WORK ORDER. From the line that has "Konuşmaların ardından Maliye" down to the last line of the data below, set down every line exactly, but none of the pictures.

AVAILABLE DATA.
• • • •
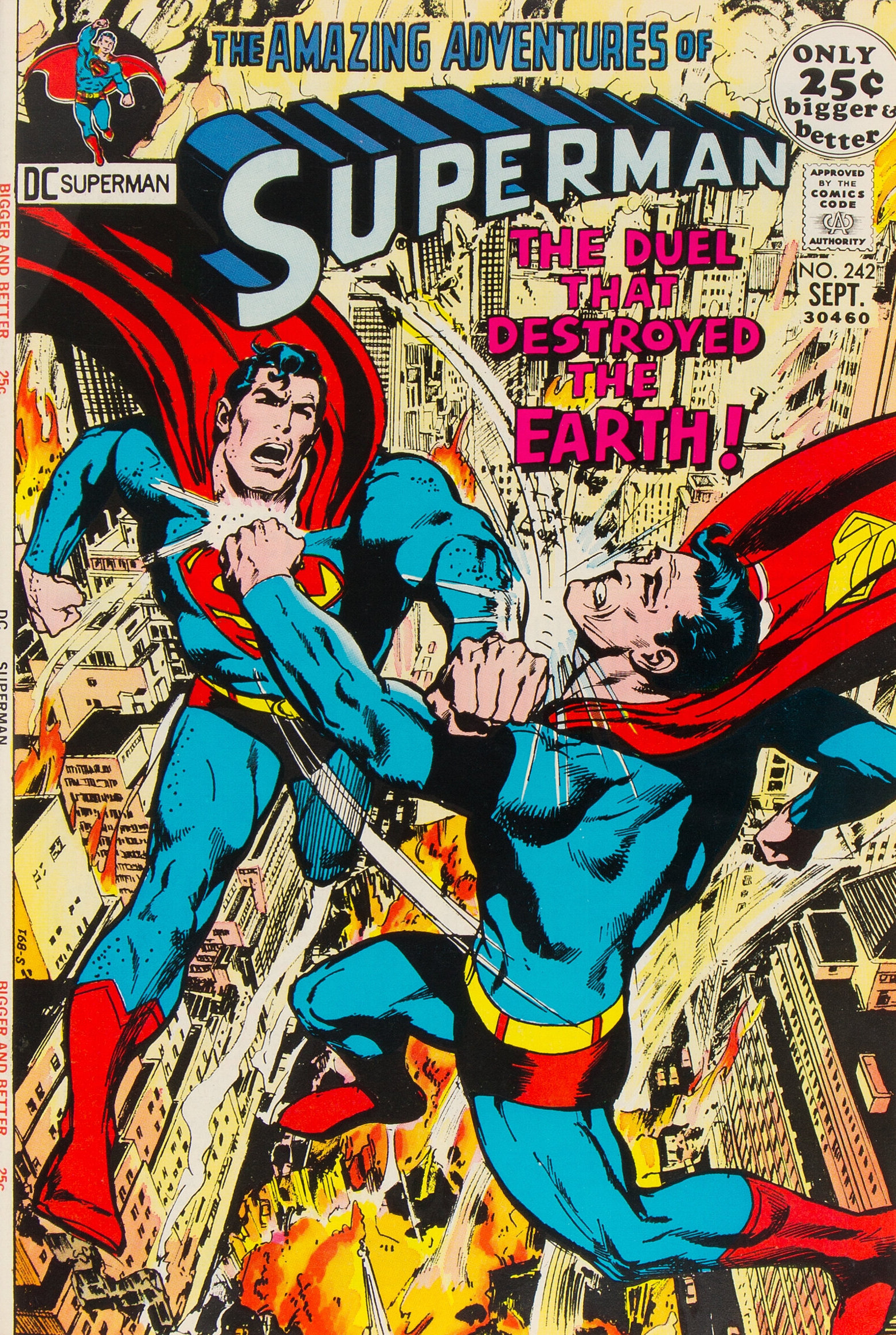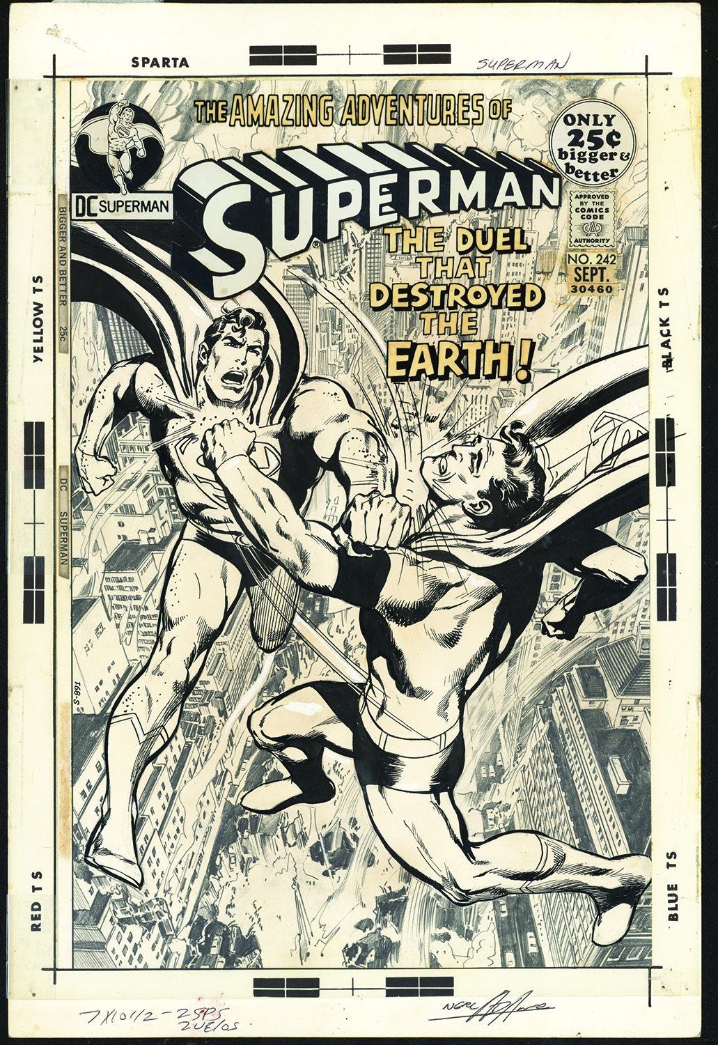 Superman #242 (Sept. 1971). Arguably Neal’s greatest Superman cover. The two figures battling over the smoldering city of Metropolis are stunning… but, look at that background – it is entirely in pencil! Unfortunately the printed cover doesn’t capture the subtlety in the art; instead the colors clash with the work. Another gorgeous image, though.
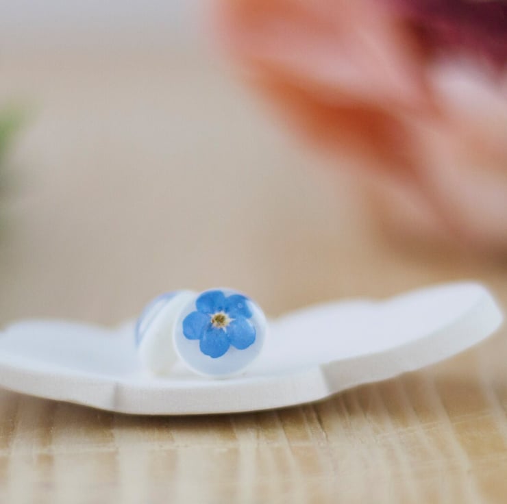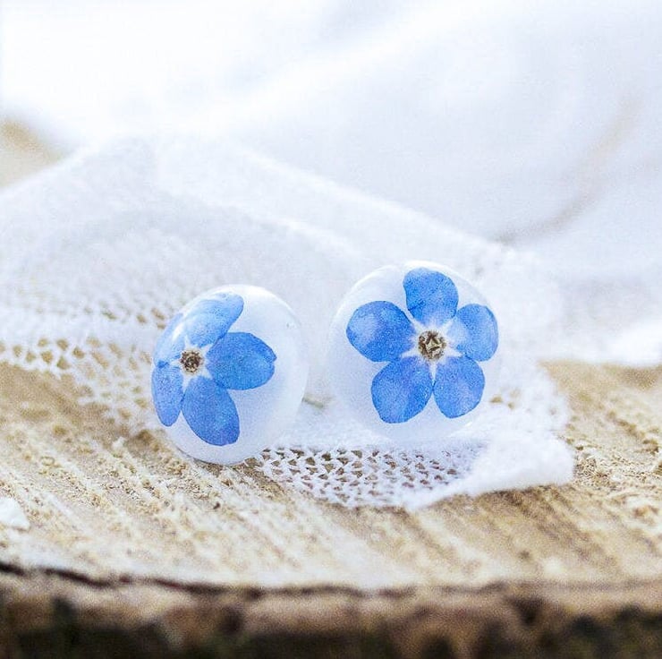 We spend time poring over our flowers to pair the forget me nots up so your earrings will be as similar as nature allows, but please bear in mind these are real flowers so there will always be minor differences.
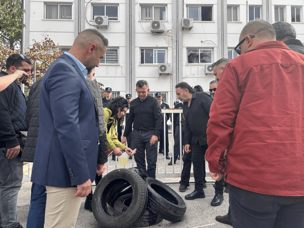 Konuşmaların ardından Maliye Bakanlığını önünde lastik yakıldı.
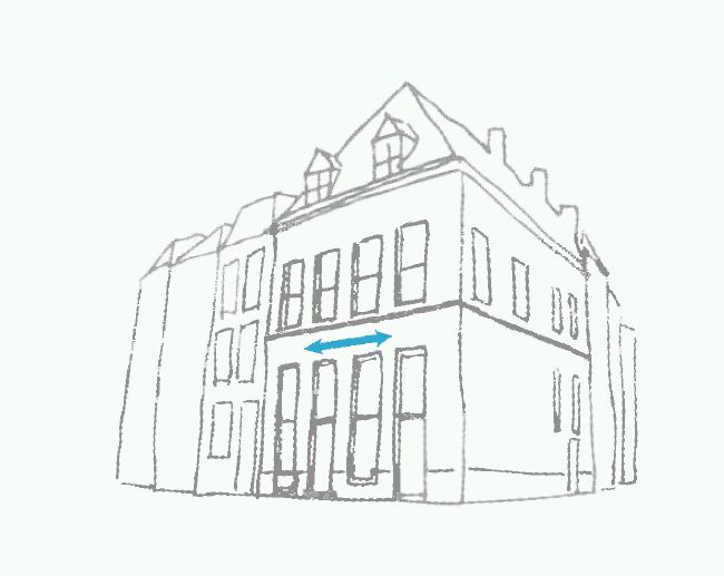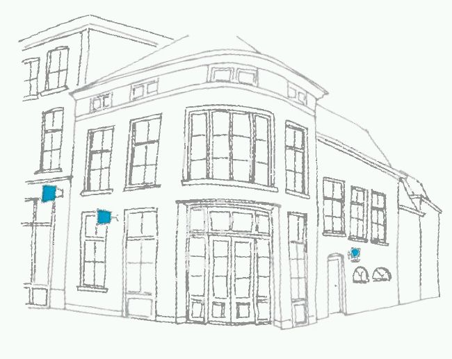 - De gevelopbouw en entree zijn leidend voor de locatie en maat van reclames.
• • • •
RESULT OF THIS TASK.
 Konuşmaların ardından Maliye Bakanlığını önünde lastik yakıldı.
 - De gevelopbouw en entree zijn leidend voor de locatie en maat van reclames.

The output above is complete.